2. Ascertaining the differences between the prior art and the claims at issue.
3. Resolving the level of ordinary skill in the pertinent art.
4. Considering objective evidence present in the application indicating obviousness or nonobviousness.
This application currently names joint inventors. In considering patentability of the claims the examiner presumes that the subject matter of the various claims was commonly owned as of the effective filing date of the claimed invention(s) absent any evidence to the contrary.

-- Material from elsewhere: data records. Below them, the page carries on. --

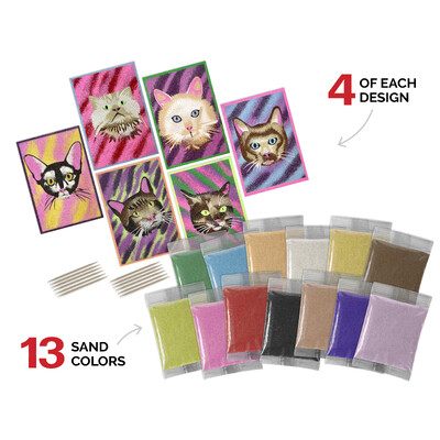 ArtiSands Coloring with Sand Bulk Kit, Cat Portraits (Makes 24)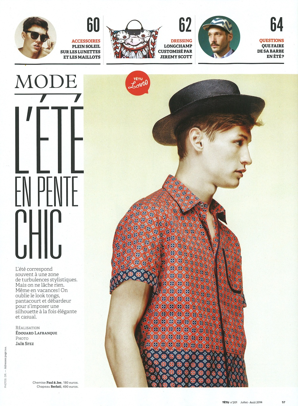 The Summer Way-Wearing summer fashions for the June 2014 issue of Têtu, model Adrien Volkov is photographed by Jaïr Sfez. Appearing in studio portraits, the Bananas model is styled by Édouard Lafranque sporting pieces from labels that include Berluti, Coach and Christophe Lemaire, creating a masculine silhouette which is elegant and casual at the same time.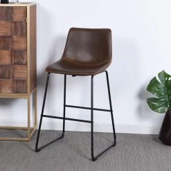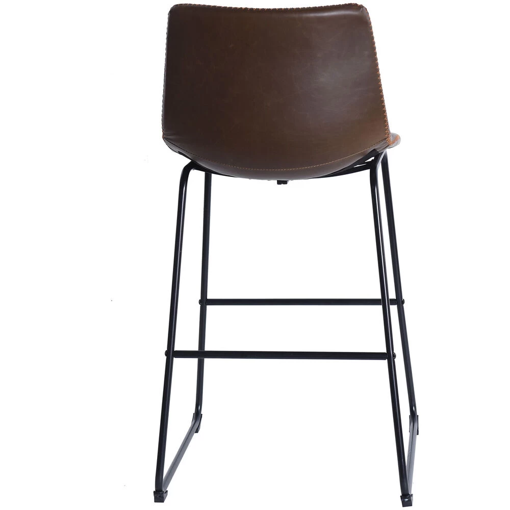 Clayton – Bar Stool – Vintage Faux Leather Upholstery – Whiskey Brown, Black Finish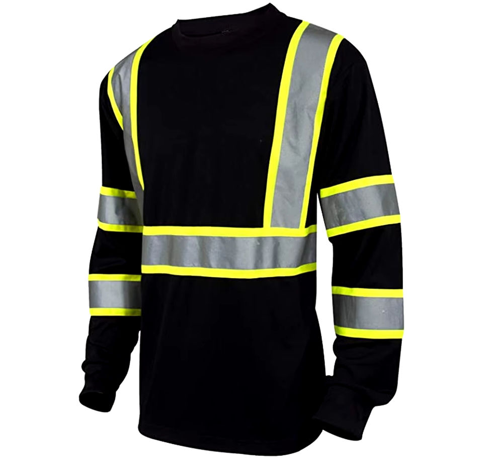 Hi Vis Construction Workwear Long Sleeve Reflective High Visibility T-Shirt with Reflective Stripes for Outdoor Safety Vest

Applicant is advised of the obligation under 37 CFR 1.56 to point out the inventor and effective filing dates of each claim that was not commonly owned as of the effective filing date of the later invention in order for the examiner to consider the applicability of 35 U.S.C. 102(b)(2)(C) for any potential 35 U.S.C. 102(a)(2) prior art against the later invention.

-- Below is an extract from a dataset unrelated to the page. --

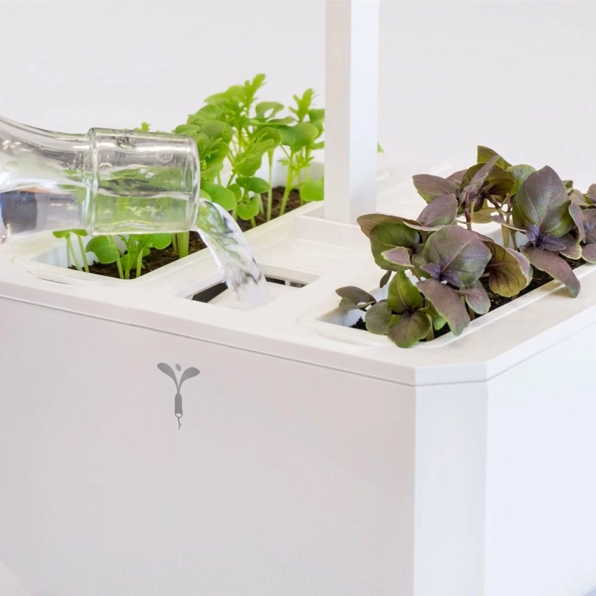 Veritable® Irrigation System: Veritable® Gardens are designed with a fully automated watering system. All you need to do is add water to the reservoir. The passive hydroponic system and Lingot® material feed the appropriate and necessary water amount to each plant accordingly. The water reservoir waters from 1-3 weeks of constant and regular irrigation depending on the plant size and ambient temperature, and when you’re reservoir needs refilling, the garden will alert you with a blinking light. No more worrying about your plants when you go out of town – your Veritable® Garden does all the work!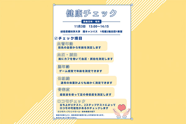 臨床検査学科と放射線技術学科が合同で健康チェックを開催します。 関キャンパス1号館2階の合同1の教室で13時から行う予定です。

Claims 1 and 3-7 are rejected under 35 U.S.C. 103 as being unpatentable over US 20210195939 A1 (Volgger et al), and further in view of EP 1839507 A1 (Taniguchi et al).
Regarding claim 1, Volgger teaches a segment of a smoking article, in particular to a segment for cooling or filtration of the aerosol flowing in the smoking article (paragraph 1), in which suitable fiber-based web materials are in particular paper or non-wovens (paragraph 15). In a preferred embodiment, the web material is coated with a polyvinyl alcohol, or a polysaccharide (paragraph 27). In a particularly preferred embodiment, the polysaccharide is selected from the group consisting of starch, carboxymethylcellulose, guar, dextrin, pectin, or mixtures thereof (paragraph 27). Volgger does not teach a filter wherein the natural starch is present in an amount of from 1.2% to 3.8% by weight of the base web. Taniguchi teaches a cigarette filter coated with a polysaccharide in which the filter material may contain about 2-20 parts by weight of the polysaccharide having an amino group relative to 100 parts by weight of the substrate (1.6-16% by weight) (paragraph 20). It would have been obvious to one of ordinary skill in the art, before the effective filing date of the claimed invention, to modify the polysaccharide in the filter of Volgger to have a weight percentage of Taniguchi because Taniguchi states that too high of a polysaccharide content sometimes increases adsorption of both tar and nicotine impacting flavor and nicotine content of the smoke (paragraph 58). Additionally, overlapping ranges are prima facie evidence of obviousness. See MPEP 2144.05
Regarding claim 3, Table 2 of Volgger lists densities of filter papers with samples 16-21 and 24-25 being filter papers coated with starch having densities of 581.8 – 650.0 kg/m3 (with 1kg/m3 being equal to 1mg/cm3) which anticipates the claimed range of greater than 431mg/cm3.
Regarding claim 4, Volgger teaches that the web material has a basis weight particularly between 25g/cm2 and 50g/cm2 (paragraph 31). Table 2 of Volgger also provides basis weights for the paper substrates with samples 16-21 and 24-25 being filter papers coated with starch having basis weights between 23g/cm2 and 32g/cm2 which anticipates the claimed range of 10 – 60 g/cm2.
Regarding claim 5, Volgger does not teach a filter wherein the paper substrate is obtainable by a wetlaid process or a wetlace process. Taniguchi teaches the substrate having the paper structure may be obtainable by making a staple from the fiber and forming the staple into a sheet throughout a dry or wet non-woven fabric process or by mixing the staple with a beat pulp to give a slurry and forming the slurry into a paper (paragraph 36). It would have been obvious to one of ordinary skill in the art, before the effective filing date of the claimed invention, to use the paper production process described by Taniguchi, to produce the filter utilized by Volgger because wetlaid and wetlace paper production processes are commonly used methods of paper production and are well known to someone of ordinary skill in the art. Furthermore, determination of patentability is based on the product itself. The patentability of a product does not depend on its method of production (MPEP 2113).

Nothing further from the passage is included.